AN Nesmeyanov Institute of Organoelement Compounds, Russian Academy of Sciences, Vavilova str 28, 119991 Moscow, Russia.
Eur J Med Chem. 2010 Mar;45(3):992-1000. doi: 10.1016/j.ejmech.2009.11.041. Epub 2009 Nov 26.
In order to design the agents with improved antitumor activity of 3,5-bis(thienylidene)piperid-4-one type, E,E-N-phosphoryl-3,5-bis(thienylidene)piperid-4-ones 6a-c and E,E-N-omega-phosphorylalkyl-3,5-bis-(thienylidene)piperid-4-ones 7a-c were obtained via the direct phosphorylation of the parent NH-3,5-bis(thienylidene)piperid-4-one and by condensation of preformed N-phosphorylalkyl substituted piperidones with thiophene 2-carbaldehyde, respectively.
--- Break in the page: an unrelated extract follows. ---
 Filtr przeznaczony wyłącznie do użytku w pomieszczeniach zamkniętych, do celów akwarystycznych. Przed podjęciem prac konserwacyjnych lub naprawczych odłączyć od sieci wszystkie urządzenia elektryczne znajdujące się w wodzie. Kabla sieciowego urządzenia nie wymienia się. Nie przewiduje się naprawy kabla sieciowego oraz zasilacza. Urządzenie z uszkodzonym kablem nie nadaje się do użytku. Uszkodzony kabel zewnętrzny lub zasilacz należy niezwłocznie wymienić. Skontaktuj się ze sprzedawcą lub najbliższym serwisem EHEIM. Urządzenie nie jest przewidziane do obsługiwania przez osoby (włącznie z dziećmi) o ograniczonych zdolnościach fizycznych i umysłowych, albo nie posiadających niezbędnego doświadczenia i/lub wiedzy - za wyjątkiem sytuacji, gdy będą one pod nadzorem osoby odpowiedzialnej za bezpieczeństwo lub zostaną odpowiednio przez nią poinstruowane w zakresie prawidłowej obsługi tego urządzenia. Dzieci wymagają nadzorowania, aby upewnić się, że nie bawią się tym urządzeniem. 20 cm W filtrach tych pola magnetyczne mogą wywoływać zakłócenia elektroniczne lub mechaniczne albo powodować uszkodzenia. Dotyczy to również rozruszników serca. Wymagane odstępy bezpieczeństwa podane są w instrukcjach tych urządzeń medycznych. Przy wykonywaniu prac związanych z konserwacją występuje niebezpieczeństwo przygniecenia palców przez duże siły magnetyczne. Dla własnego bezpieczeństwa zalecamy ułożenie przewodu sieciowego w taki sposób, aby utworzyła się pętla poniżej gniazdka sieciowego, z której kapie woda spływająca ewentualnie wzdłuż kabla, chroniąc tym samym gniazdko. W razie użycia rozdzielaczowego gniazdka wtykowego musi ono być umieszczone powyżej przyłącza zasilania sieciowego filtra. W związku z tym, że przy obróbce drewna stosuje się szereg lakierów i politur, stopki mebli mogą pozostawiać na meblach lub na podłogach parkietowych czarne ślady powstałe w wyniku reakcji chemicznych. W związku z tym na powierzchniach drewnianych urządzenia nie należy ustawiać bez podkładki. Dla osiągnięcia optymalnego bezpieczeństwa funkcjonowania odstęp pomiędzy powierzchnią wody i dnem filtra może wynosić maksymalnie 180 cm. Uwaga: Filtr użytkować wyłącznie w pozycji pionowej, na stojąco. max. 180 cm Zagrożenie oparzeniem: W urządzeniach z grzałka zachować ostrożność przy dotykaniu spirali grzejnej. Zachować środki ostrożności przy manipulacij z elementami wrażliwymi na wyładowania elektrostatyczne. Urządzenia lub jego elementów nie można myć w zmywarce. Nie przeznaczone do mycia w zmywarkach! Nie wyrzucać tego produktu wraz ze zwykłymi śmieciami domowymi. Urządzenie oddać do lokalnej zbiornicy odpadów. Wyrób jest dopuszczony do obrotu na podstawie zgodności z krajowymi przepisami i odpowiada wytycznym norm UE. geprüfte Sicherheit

The structures of the compounds were elucidated by (1)H, (31)P, (13)C NMR along with a single crystal X-ray diffraction analysis. Under the action of visible light thermodynamically more stable E,E-isomers slowly undergo photochemical conversion in CDCl(3) solution to the corresponding E,Z-isomers and E,Z-N-methyl-3,5-bis(thienylidene)piperid-4-one 5 was isolated in individual state. The importance of phosphorylation for cytotoxic properties of 3,5-bis(thienylidene)piperid-4-ones towards human carcinoma cell lines Caov3, Scov3, and A549 and influence of olefin configuration on antitumor activity were demonstrated.
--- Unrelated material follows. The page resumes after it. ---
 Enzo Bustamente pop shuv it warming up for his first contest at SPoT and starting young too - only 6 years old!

为了设计具有改进的 3,5-双(噻吩亚基)哌啶-4-酮型抗肿瘤活性的试剂,通过母体 NH-3,5-双(噻吩亚基)哌啶-4-酮的直接磷酸化和预形成的 N-膦基取代的哌啶酮与噻吩-2-甲醛的缩合,分别得到 E,E-N-膦酰基-3,5-双(噻吩亚基)哌啶-4-ones 6a-c 和 E,E-N-ω-膦酰基烷基-3,5-双(噻吩亚基)哌啶-4-ones 7a-c。通过(1)H、(31)P、(13)C NMR 以及单晶 X 射线衍射分析确定了化合物的结构。在可见光的作用下,热力学上更稳定的 E,E-异构体在 CDCl3 溶液中缓慢经历光化学转化为相应的 E,Z-异构体,并且以单独的状态分离出 E,Z-N-甲基-3,5-双(噻吩亚基)哌啶-4-one 5。证明了 3,5-双(噻吩亚基)哌啶-4-酮的磷酸化对人癌细胞系 Caov3、Scov3 和 A549 的细胞毒性性质的重要性,以及烯烃构型对抗肿瘤活性的影响。